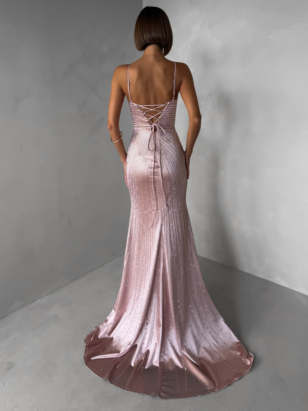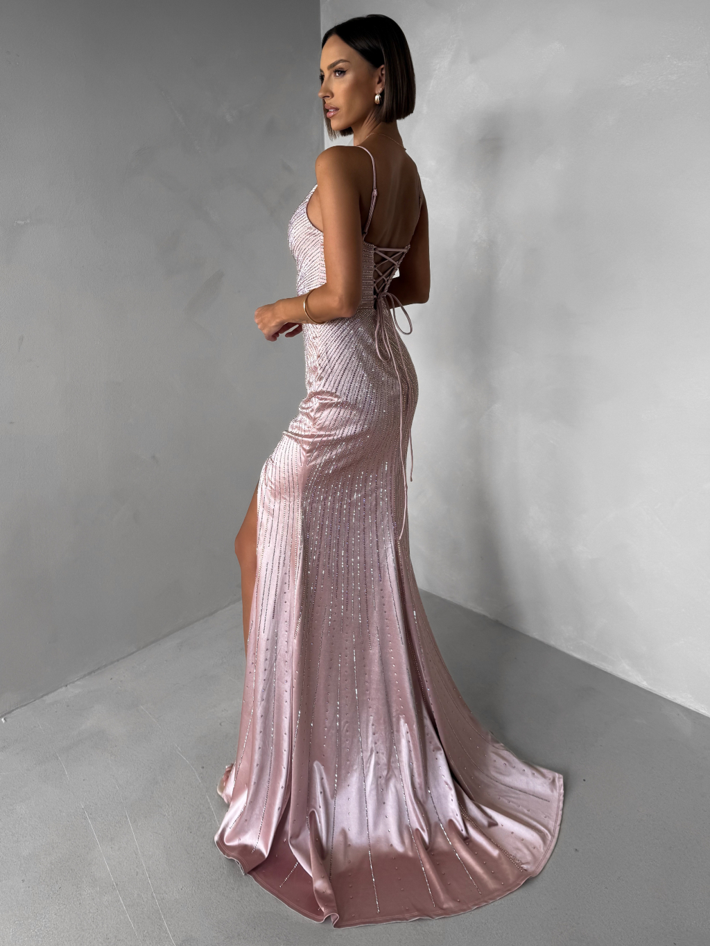 Starorůžové luxusní plesové třpytivé šaty RAVELLE s rozparkem
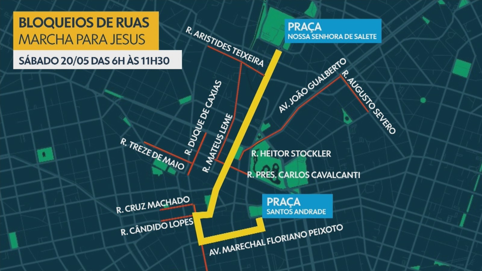 Trânsito será alterado pela manhã entre as praças Santos Andrade e Nossa Senhora de Salete. Marcha Para Jesus é neste sábado em Curitiba Ruas da região central de Curitiba serão bloqueadas na manhã deste sábado (20) por conta Marcha para Jesus 2023. De acordo com os organizadores, os fiéis se deslocam do ponto de concentração, na Praça Santos Andrade, até o local de destino da marcha, na Praça Nossa de Senhora de Salete. A concentração ocorre a partir das 9h. Às 9h50, os fiéis partem em direção ao Centro Cívico. A estimativa da organização é que 100 mil pessoas participem do evento. Veja ruas bloqueadas abaixo. Compartilhe no WhatsApp Compartilhe no Telegram De acordo com a prefeitura, agentes da Superintendência de Trânsito (Setran) orientam os motoristas na região. Ruas bloqueadas no sábado (20) para a Marcha para Jesus Artes/RPC Ruas bloqueadas Cândido Lopes com a Avenida Marechal Floriano Peixoto; Rua Cruz Machado, a partir do cruzamento com a Avenida Marechal Floriano Peixoto; Rua Treze de Maio com a Rua Duque de Caxias; Rua Presidente Carlos Cavalcanti, a partir do cruzamento com Presidente Farias até a Mateus Leme; Praça 19 de Dezembro, no cruzamento com a Rua Heitor Stockler até a Rua Ary Queiroz; Rua Mateus Leme, a partir da Rua Treze de Maio até a Aristides Teixeira; Avenida João Gualberto com a Rua Augusto Severo; Rua Campos Sales com a Rua Mauá; Leia também: Estrada: Caminhão pega fogo após bater em outro e bloqueia totalmente a BR-277, em Morretes, no litoral do Paraná Sertanópolis: Criança de dois anos morre em acidente entre carro e ônibus na PR-323; três pessoas ficaram feridas PodParaná #131: Coluna Prestes marca história do Paraná com passagem de militares pelo oeste do estado VÍDEOS: Mais assistidos do g1 PR Veja mais notícias do estado em g1 Paraná.
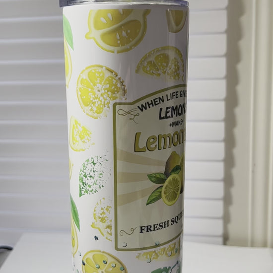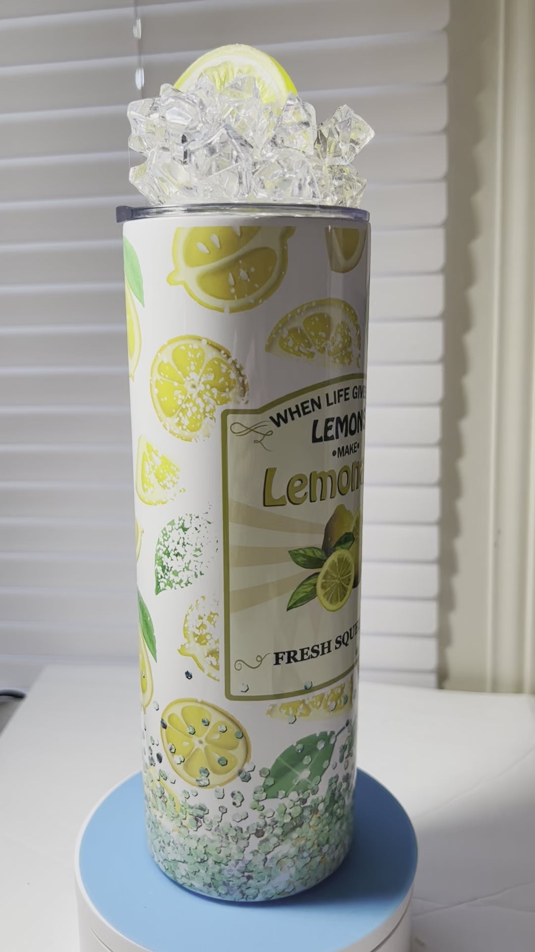 20oz double wall tumbler with removable lid. Keeps drinks cold or hot for up to 6 hours
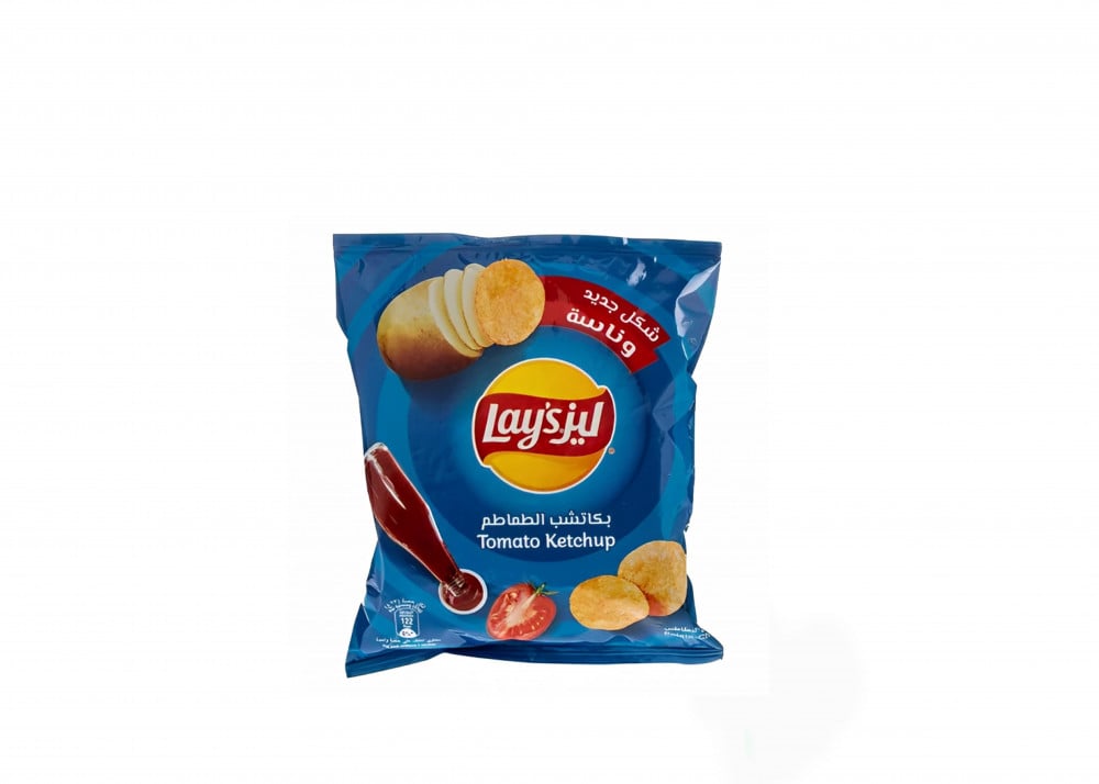 بطاطس ليز كاتشب بوزن 23 جرام، نكهة الكاتشب اللذيذة في كل شريحة، وجبة مثالية للوجبات السريعة.
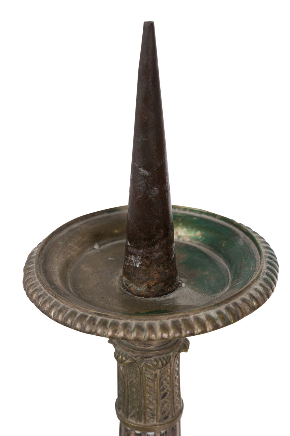 PAIR of Spanish Renaissance-style (19th Century) style silver plate fluted column altar sticks on tripod base (PRICED AS PAIR)

===============

INSTRUCTIONS FOR THE TASK: Pictures do not go in the copy. Write out exactly the lines from the line containing "بطاطس ليز كاتشب" through the last line of the listing.

EXERCISE RESULT:
 بطاطس ليز كاتشب بوزن 23 جرام، نكهة الكاتشب اللذيذة في كل شريحة، وجبة مثالية للوجبات السريعة.
 PAIR of Spanish Renaissance-style (19th Century) style silver plate fluted column altar sticks on tripod base (PRICED AS PAIR)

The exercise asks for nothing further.